А вместе с ней за этот год изменился и я. Трудно, конечно, вот так взять и со стороны проанализировать, каким я был и каким стал. Наверно, можно сказать, что повзрослел, но это понятие столь же расплывчатое, как «работа редакции», а потому покажется вам слишком абстрактным. Возможно, я стал более сдержанным, терпеливым, усидчивым, набрался всяческого опыта, заматерел, как говорится. Внутренне я уже гораздо меньше похож на Витеньку, и когда ко мне обращаются «Виктор Александрович», я реагирую. Есть ощущение, что вряд ли я вернусь к тусовочно-прожигательному образу жизни. Тем более я теперь всё-таки человек семейный, хаха. Думаю, за этот год мною выпито меньше, чем за каждый из последних лет 7, что можно назвать чуть ли не главным моим достижением, хаха.

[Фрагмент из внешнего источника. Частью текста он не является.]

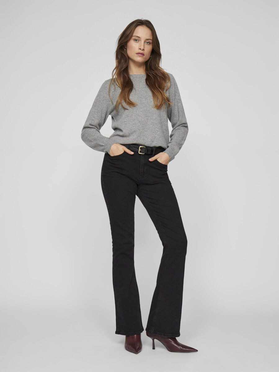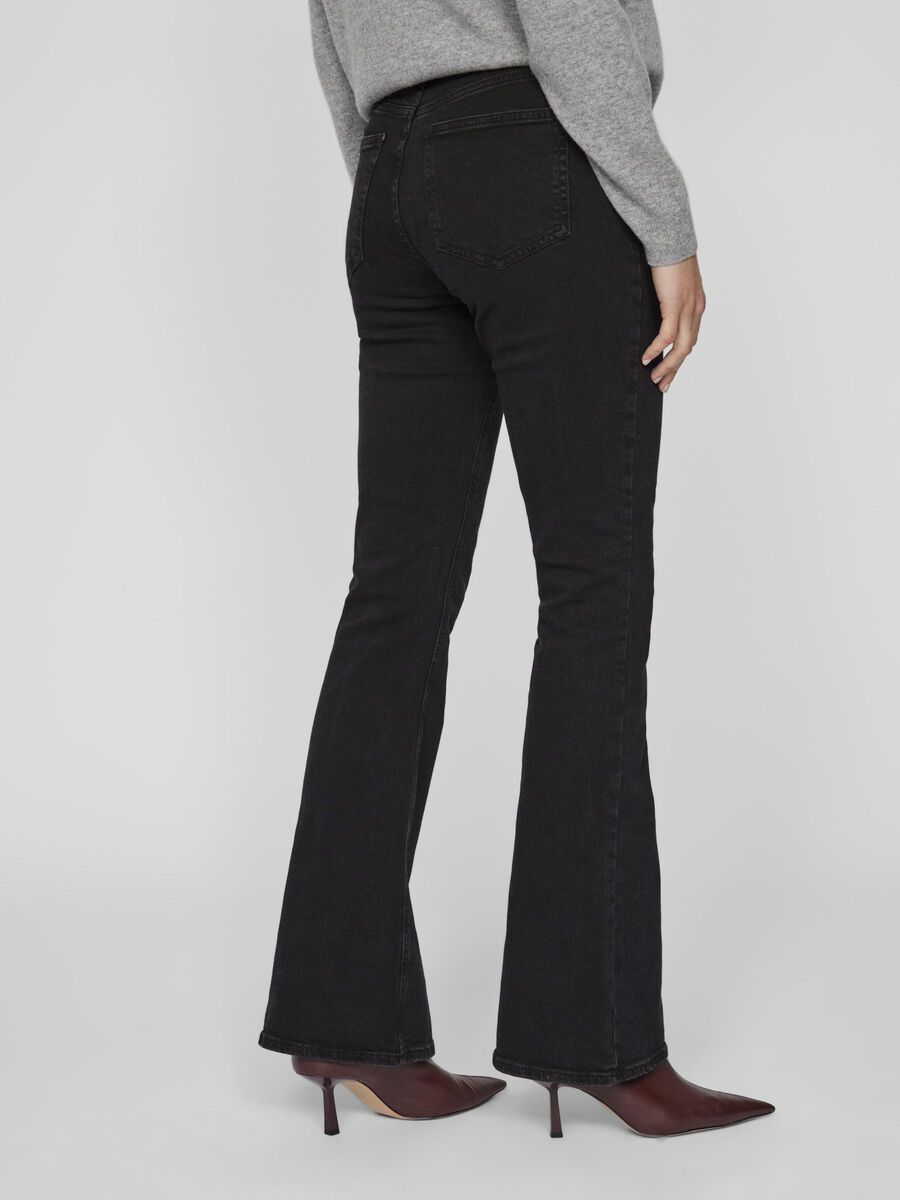 Entallado en la cadera y el muslo, con perneras acampanadas..

Фиг знает, хорошо ли это. Иногда хочется снова стать «Витенькой» и вернуться в то время, когда можно было делать всё, что заблагорассудится, а планы не простирались дальше сегодняшнего вечера. Наверно, это проявление слабости - хочется отрешиться от настоящего и забыться. Хочется, чтобы все проблемы решились сами собой, но вместо этого их становится всё больше. И, к сожалению, дело не во мне, а в проблемах и обстоятельствах. Я даже был бы рад объявить себя виноватым во всём, признаться, что я ни на что не годный неудачник, забиться в угол и больше оттуда не вылезать. Но тем самым я навру самому себе.

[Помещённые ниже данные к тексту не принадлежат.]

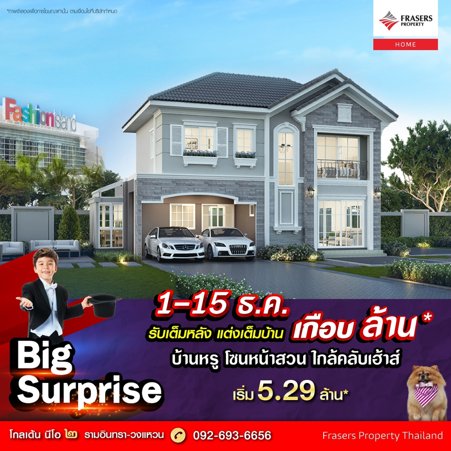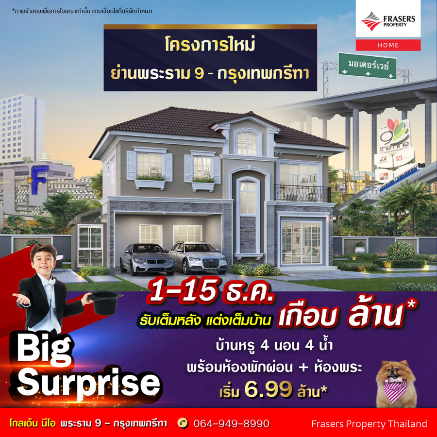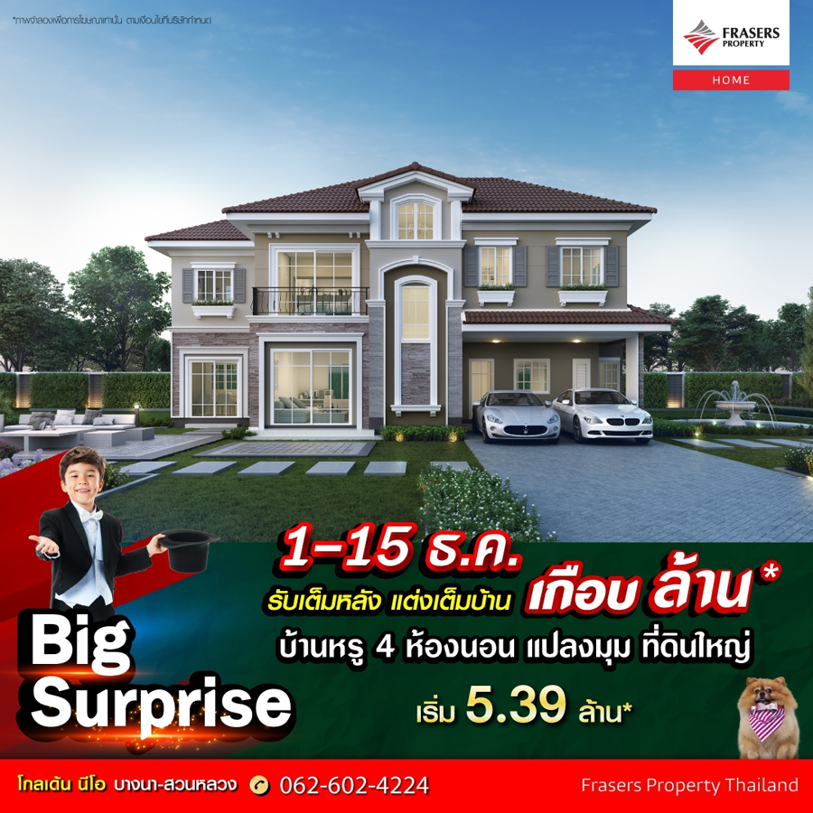 Promotion : Big Surprise 1-15 ธ.ค. นี้ รับเต็มหลัง แต่งเต็มบ้าน ลดสูงสุด เกือบ ล้าน* โครงการใหม่ ย่านกรุงเทพกรีฑา เปิดโซนสวน ดีไซน์ใหม่ บ้านหรู ฟังก์ชันครบ ใหญ่จุใจ 4 ห้องนอน 4 ห้องน้ำ พร้อมห้องพักผ่อน + ห้องพระ เริ่ม 6.99 ล้าน*

Нам с Катей остаётся лишь сделать тяжёлый выбор между нервозностью, неустроенностью и некой обречённостью здесь и тотальной неопределённостью там. Согласитесь, это лучше, чем, например, между зинданом и службой в армии, поэтому мы на позитиве. И, на что-то решаясь, я поднимаю глаза к небу и пытаюсь применить Галины принципы, потому что она оставалось честной перед самой собой и, смею надеяться, в целом была счастлива. «Надо быть ближе к тем, кого любишь», «терпеть можно во имя чего-то или кого-то, кого любишь», «деньги и статус - это не главное», «не бояться нового». Окей, Галя, как скажешь - я знаю, ты желаешь мне добра.

13. Подарок
Этот пост я начал писать, наверно, ещё в ноябре. Потом, как это обычно бывает, отложил до завтра, а завтра растянулось до конца декабря. С тех пор ничего по сути не менялось, зато у меня впервые получились банальные итоги года. Ну что же, раз так, значит так. 2008-й был годом самых острых и противоречивых чувств (Катя, Галя). 2009-й эти противоречия закрепил. С одной стороны, мы с Катей стали вместе жить, с другой - всё то, что описано выше. Это некое подобие равновесия. На одной стороне - жирный плюс. На другой - длинный минус. Хоть я и в стране, где достать наркотики - это действительно большая проблема, но всё же: товарищ Дед Мороз, мне очень нужно, чтобы на Новый год ты в чашу с плюсом положил всего лишь небольшой камешек, который прочно склонит стрелки весов в одну конкретную сторону (в какую, ты, я думаю, догадываешься). Если ты это сделаешь, я обещаю, что всё остальное сделаю сам.